The quarterly unemployment rate and employment figures have become a major political influence in recent years. The positive or negative news they present offers reassuring evidence of government policy or something for the opposition to strike with. However as the results now carry big political sway it is time to question whether they be relied on as accurate evidence of the health of the UK job market?
George Osborne used these unemployment figures regularly as chancellor, in March 2016 he jumped on “the UK’s jobs miracle” and included the most recent unemployment figures as proof. David Cameron also used the statistics to prove that the Conservatives had created 1,000 jobs per day while in power.
Are these figures secure and reliable enough to back up such inflated claims? Doubts have been cast on their accuracy before and with a quickly changing jobs market do the figures honestly reflect the experience of workers and job seekers in the UK today and do they really carry such political weight?
A Labour Force Survey
The Office of National Statistics (ONS) is the body that compiles the unemployment forecast and it does so in two main ways. The most accurate, and most quoted, figures are compiled through a Labour Force Survey but another figure is also released which is the claimant count, reflecting how many people are receiving job seekers allowance. The results of the Labour Force Survey receive more attention as the more accurate and detailed picture of the UK jobs market.
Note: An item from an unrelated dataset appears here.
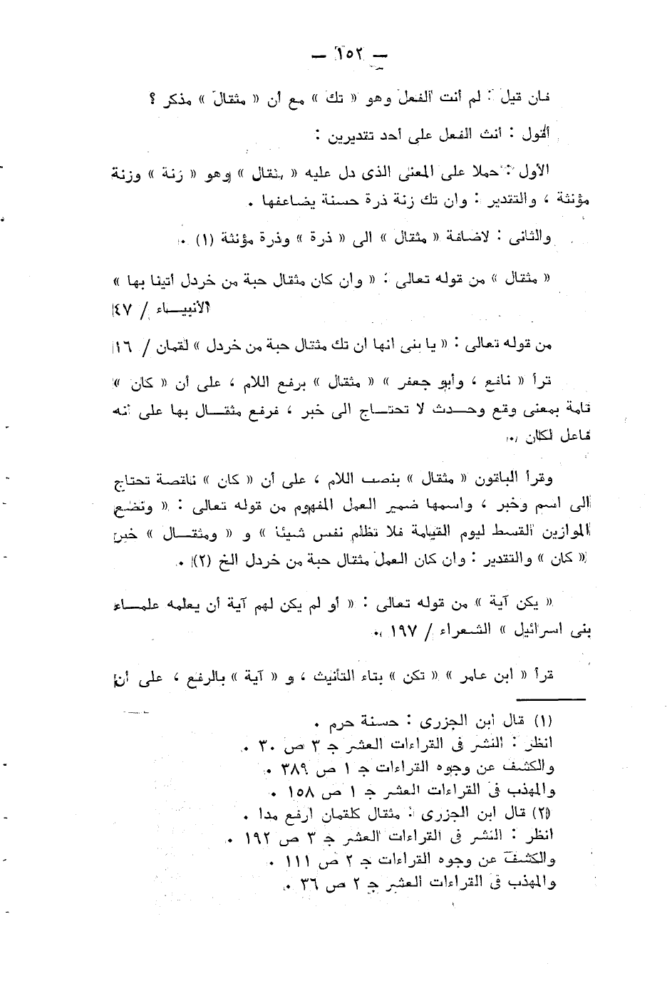 وقرأ الباقون «مثقال» بنصب اللام، على أن «كان» ناقصة تحتاج الى اسم وخبر، واسمها ضمير العمل المفهوم من قوله تعالى: وَنَضَعُ الْمَوازِينَ الْقِسْطَ لِيَوْمِ الْقِيامَةِ فَلا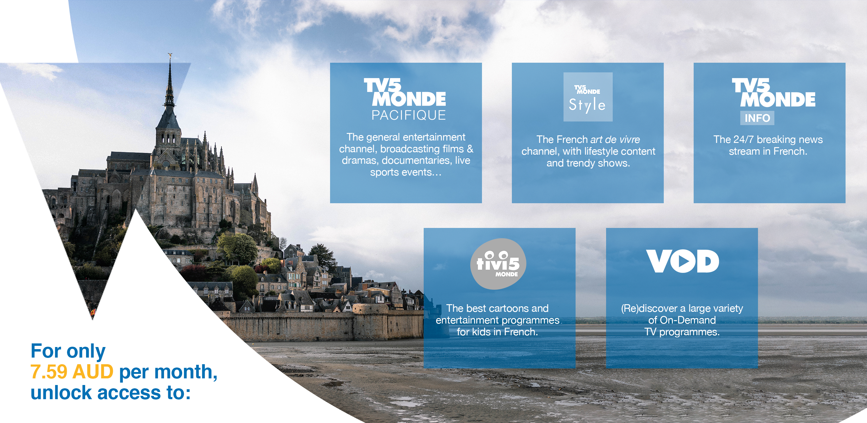 TV5MONDE is the world’s general entertainment TV network in French. You can now access its full offer by subscribing to the TV5MONDE

In the Labour Force Survey the ONS sends a questionnaire to a 60,000 sample group asking if they have actively sought work in the past month or could take work in the next fortnight if offered. The first and most obvious flaw in this methodology is that it relies inherently on the honesty and accuracy of those 60,000 people however this method is still an internationally used and renowned way of compiling unemployment statistics.
Another quirk in how the Labour Force Survey works is that the numbers can fall, or at least fluctuate, if a recipient has simply given up on, or even taken a break from, searching for a job in the month before receiving the survey. Similarly numbers can drop if an amount of people are unable to take a job in the two weeks following the survey, perhaps due to a holiday or illness. Rather than indicating a rise in people in work, it simply indicates inactivity and as such these recipients are labelled ‘economically inactive,’ a group that also includes students, stay-at-home parents, retirees and the long-term ill.
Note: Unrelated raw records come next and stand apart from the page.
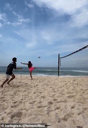 La esposa de Militao, Taina Castro Militao, mostró sus habilidades jugando footvolley playa, esencialmente voleibol pero con los pies y usando una pelota de fútbol.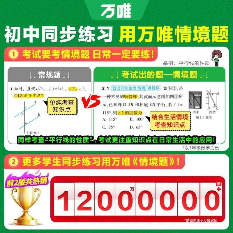 2026万唯同步情境题基础题七八九年级上下册数学英语生政治历史初一初中练习册必刷题万维中考专项训练尖子生新版物理小卷文言文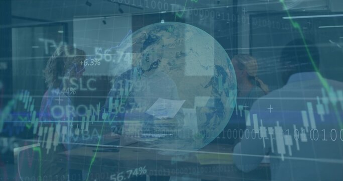 Overlaying globe and market charts over meeting room, colleagues in suits using laptops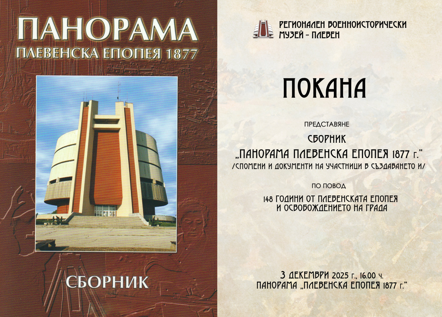 3 декември (сряда) - По повод 10 декември и 148 години от Освобождението на Плевен, РВИМ - Плевен ще представи Сборник „Панорама „Плевенска епопея 1877“ - Спомени и документи на участници в създаването ѝ, както и филм за изграждането на Панорамата. Ще присъстват участници в строителството на Панорамата. Начало - 16.00 часа.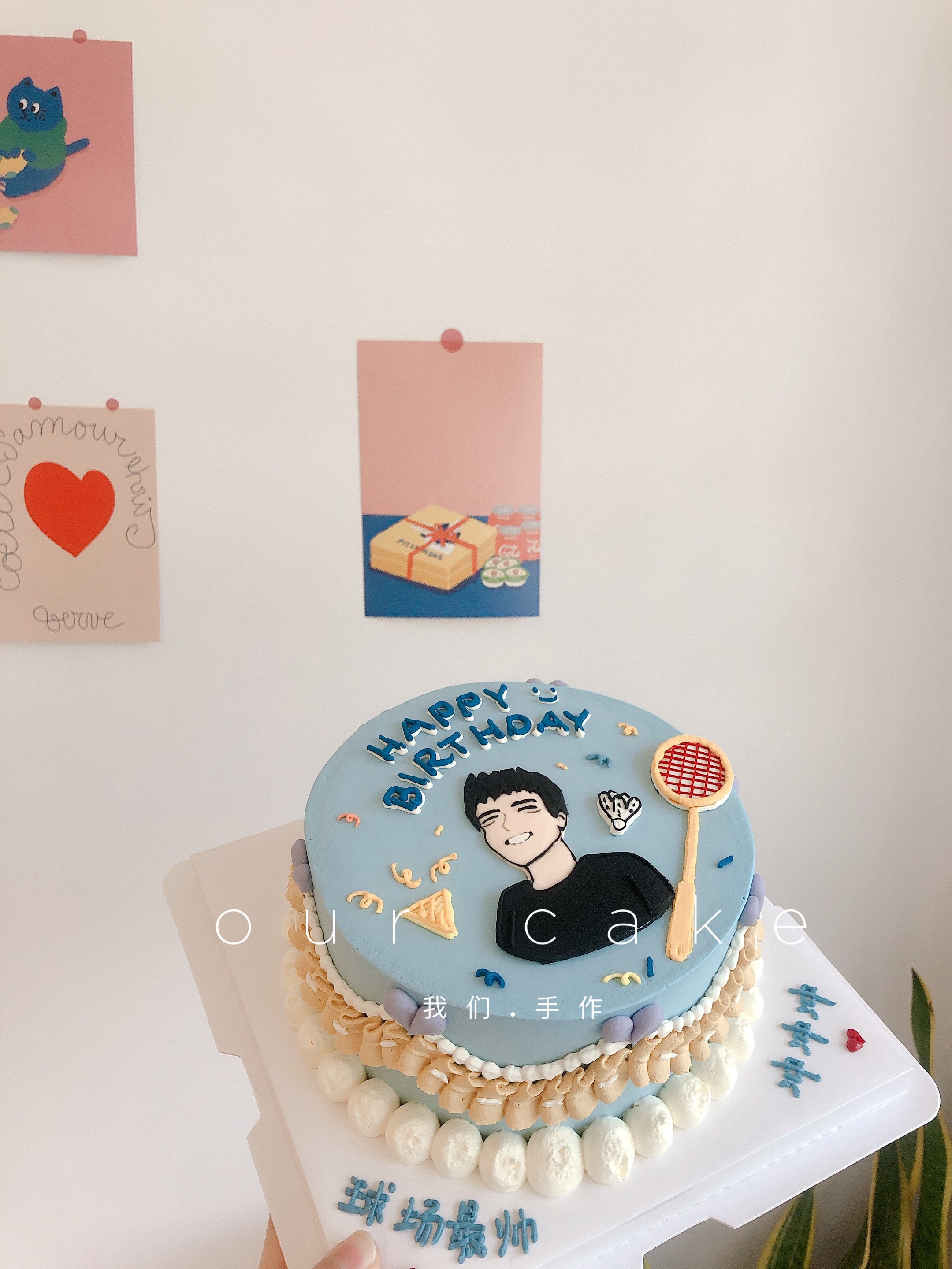 羽毛球男生手绘蛋糕-低糖处理无添加
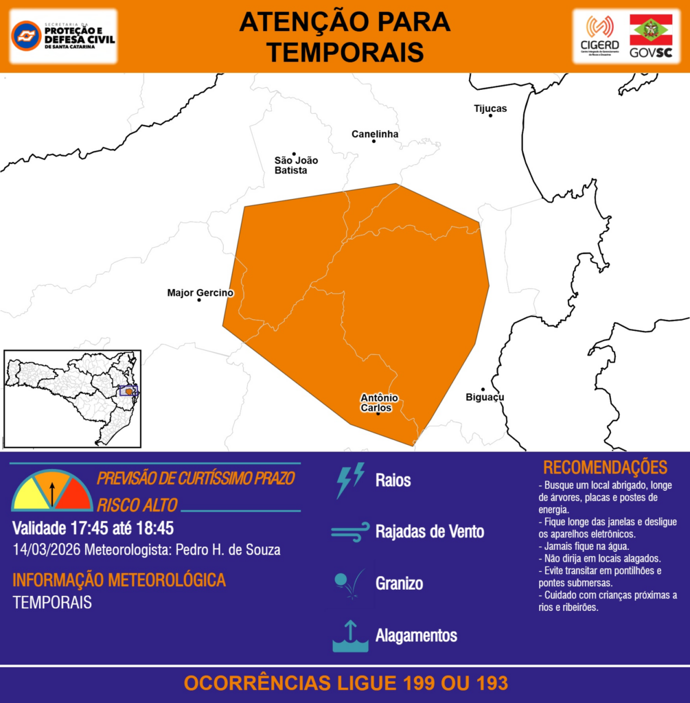 ATENÇÃO – 14/03 17:45 – TEMPORAIS com RAIOS, RAJADAS DE VENTO, GRANIZO e ALAGAMENTOS para áreas dos municípios de Antônio Carlos, Biguaçu, Canelinha, Major Gercino, São João Batista e Tijucas na próxima hora. Ocorrências ligue 199 ou 193.

The Hidden Unemployment Statistics
Perhaps unsurprisingly these figures have faced doubts and criticism previously. The TUC in 2012 announced their suspicions surrounding these regularly released figures, claiming they were inaccurate because they failed to include people who had not searched for work recently or under-employed people, those who take part time work after being unable to find full time work. It was claimed that if those were included the unemployment total would be almost 4million higher.
Brendan Barber, TUC general secretary, said at the time that, “When ministers say there are plenty of jobs out there, they are ignoring the sheer numbers of people looking for work, as well as the suitability and location of the jobs available." Osborne and Cameron clearly did not take this advice as the unemployment statistics remained a big part of the Conservative pitch in the 2015 general election.
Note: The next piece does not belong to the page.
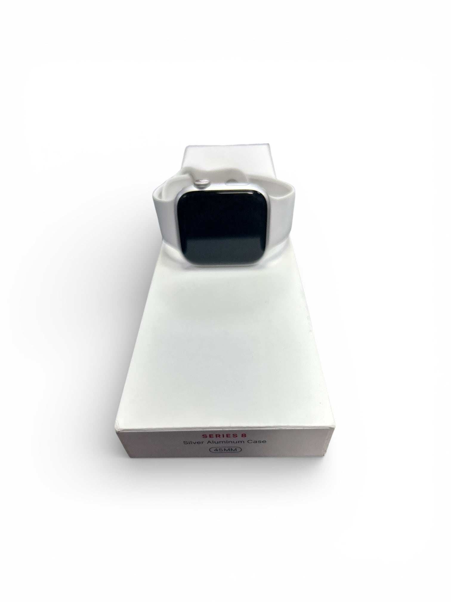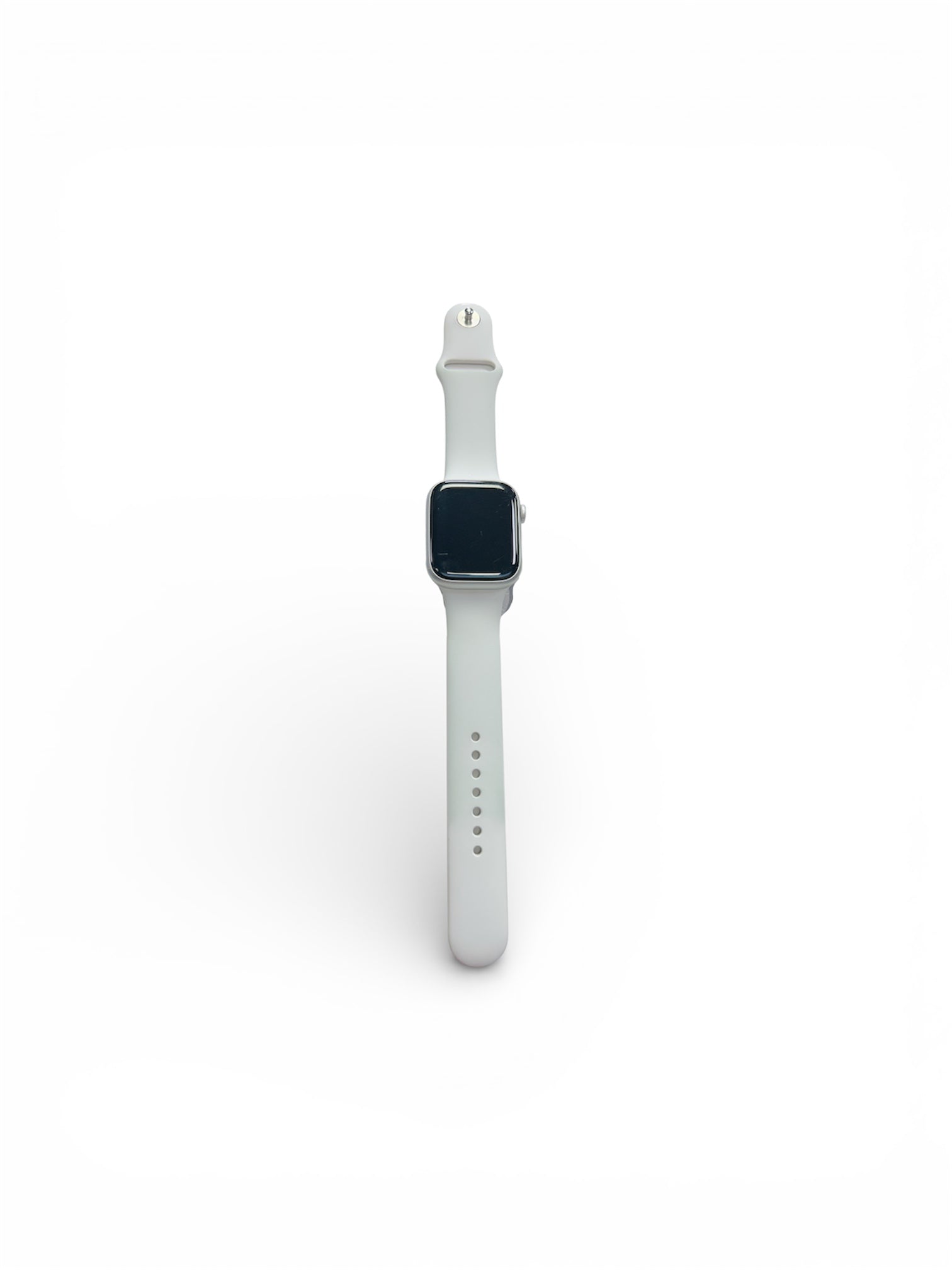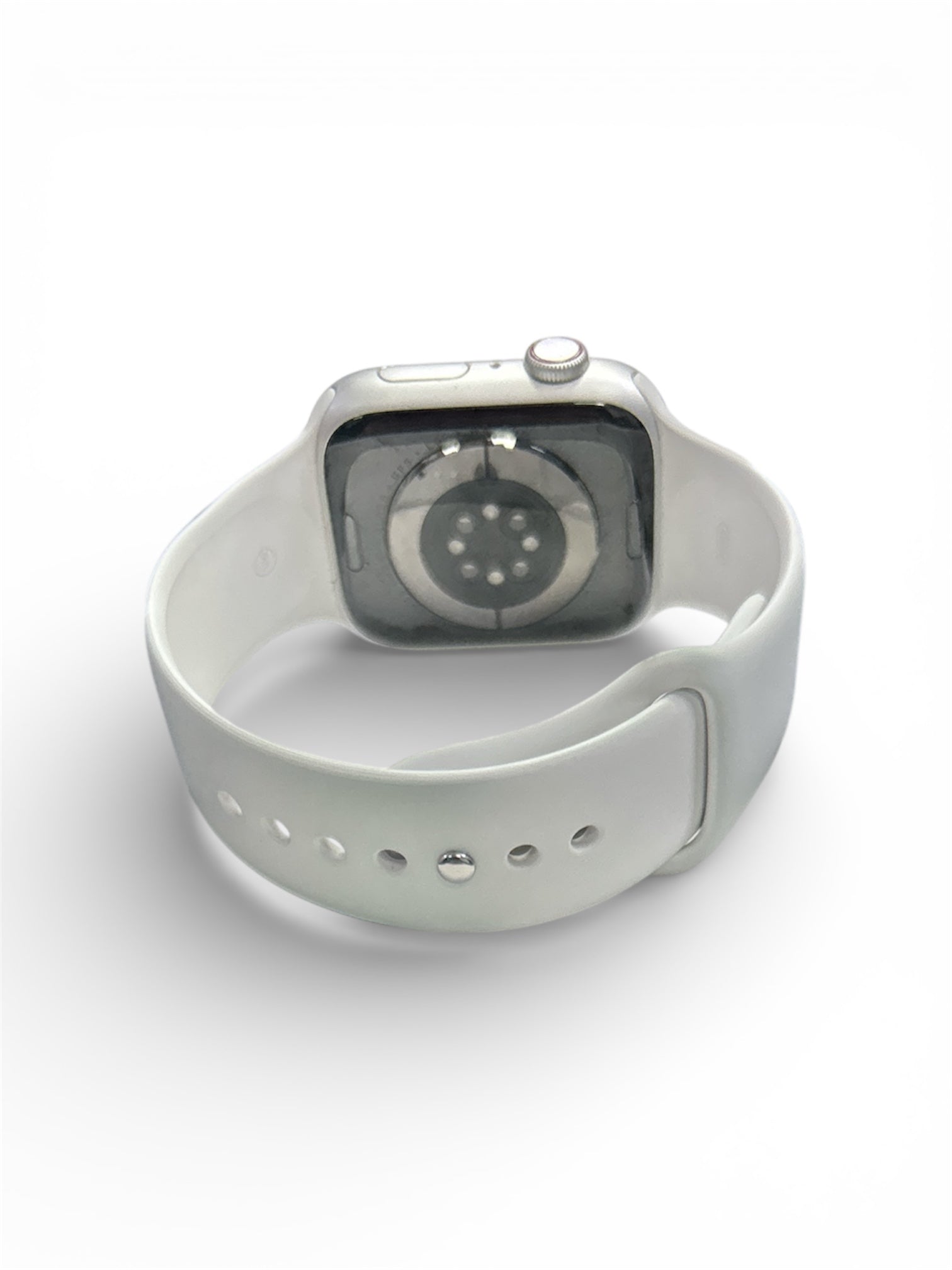 Temperature sensor provides retrospective ovulation estimates and advanced cycle tracking features Measure your blood oxygen with a powerful sensor and app Take an ECG anytime, anywhere Get high and low heart rate, and irregular rhythm notifications Advanced safety features, including Fall Detection, Emergency SOS, and Crash Detection Enhanced Workout app with more advanced metrics and ways to train A completely redesigned Compass app with waypoints and Backtrack Track your daily activity on Apple Watch, and see your trends in the Fitness app on iPhone The most crack-resistant front crystal yet on an Apple Watch, IP6X dust resistance and swimproof design, and increased durability for fitness and activity Call, text, and email with just a few taps Band Color: silver,white Clasp Type: Magnetic Clasp Water Resistance Level: water_resistant Wireless Comm Standard: bluetooth

More recently phenomenon such as zero hour contracts and apprenticeships, that pay as low as £3 per hour, have lowered the unemployment rate further despite being low paid, unstable and in the case of zero hour contracts, may not actually see someone working each week as the name suggests. The growth in this area of work has been labelled ‘the gig economy’ and it is estimated that up to 5 million people work in this way which contributes to a lower tax return, lower living standards and growing ‘underemployment.’
Disguised unemployment is another area where although not counted in the unemployment statistics people may not be working or working as much as possible. This includes those on sickness benefits but able to do some jobs, those forced into redundancy or early retirement and those in part time or zero hour work. Zero hour contracts have, the ONS revealed this week, reached their highest ever levels with 910,000 people on contracts not guaranteeing regular work, a 30% increase since 2014.
Source: Nomis via New Statesman
Last year a study in the New Statesman Magazine found that once all of these other areas are factored in a ‘true’ unemployment rate could be closer to 12% rather than the 5% that government published at the time. The TUC and others have argued that the UK should mirror the USA which compiles a ‘U6’ measure of unemployment that includes discouraged, marginally attached and under-employed workers.
The miracle will continue
As a result of not including any underemployment, economic inactivity and long term sick naturally the unemployment figures look much more impressive for the government. In Feb 2017 the ONS announced the jobless rate held at an 11 year low of 4.8% in the three months up to December 2016.
However there were signs of the underlying true unemployment rate and the underemployment excluded from these figures. Wage growth remained slow and inflation increased, sparking a fear of a real term wages fall in the near future, Ben Brettell, senior economist at Hargreaves Lansdown, told the BBC: "With inflation forecast to hit 2.8% early next year, a deceleration in pay growth could see real wages fall at some stage."
It is evident that there are serious flaws in not only the methodology of the employment and unemployment statistics but also that they neglect a large, growing and worrying sector of work. With almost a million zero hour contracts added to economically inactive, underemployed and those who have given up searching, an honest unemployment rate would be much higher. However this is not something any government would be keen to admit to, despite the problems it causes in tax returns, productivity and skills shortages across the country, so expect the so-called ‘jobs miracle’ to continue for the foreseeable future.